[被爆80年] 小屋浦の慰霊碑 起源・歩み年表に 胎内被爆者西谷さん手作り
25年8月8日
「歴史伝える助けに」
坂町小屋浦の公園にある原爆慰霊碑の管理を続ける近くの胎内被爆者西谷敏樹さん(79)が、碑の由来を紹介する年表を公園の掲示板に掲げた。地元の青年団が原爆投下の翌年に追悼の木柱を建てたことや西日本豪雨禍で移転したことなど、起源や歩みをたどる。被爆80年を機に、小屋浦と原爆の関わりを記憶にとどめようと手作りした。(石川昌義)
「小屋浦原爆慰霊碑の歴史」と題して大判の紙にまとめた。解散した小屋浦地区の被爆者団体の役員を務めた西谷さん。被爆者運動の先輩が残した資料などから慰霊碑に関する記述を整理、集約したという。
碑の前身の木柱は1946年の初春、教員が「原子爆弾死没者之霊」と墨書し、地元の青年団と協力して呉線の線路沿いの山裾に建てたとされる。同年夏に木柱の周囲で草取りをした青年団や、87年に同じ場所に石碑を建てた住民たちの集合写真も添えた。2018年の西日本豪雨で被災した石碑を翌年、公園へ移設した経緯も記した。

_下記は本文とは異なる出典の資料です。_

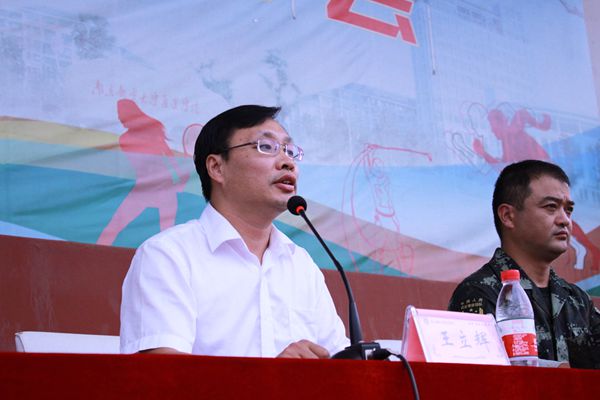 王立辉副书记代表学院要求同学们在军训中传承南邮红色基因,践行“信达天下、自强不息”的南邮精神,严守纪律,虚心学习,刻苦训练,牢记安全,以优异成绩向新中国成立70周年献礼。

6日朝、碑前であった地域の追悼行事に合わせて掲示した。慰霊碑の背後には、小屋浦小の児童が文案を考えた「笑顔でつくる 平和な未来」との横断幕も掲げられた。
広島市が刊行した広島原爆戦災誌によると、同地区には小屋浦国民学校(現小屋浦小)や、陸軍船舶部隊(暁部隊)の野戦病院となった小屋浦海水浴場に被爆者が運び込まれ、約190人が火葬・埋葬された。参列者に慰霊碑の歴史を伝えた西谷さんは「碑に込めた願いを風化させず、地域の原爆の歴史を末永く伝える助けにしてほしい」と願っていた。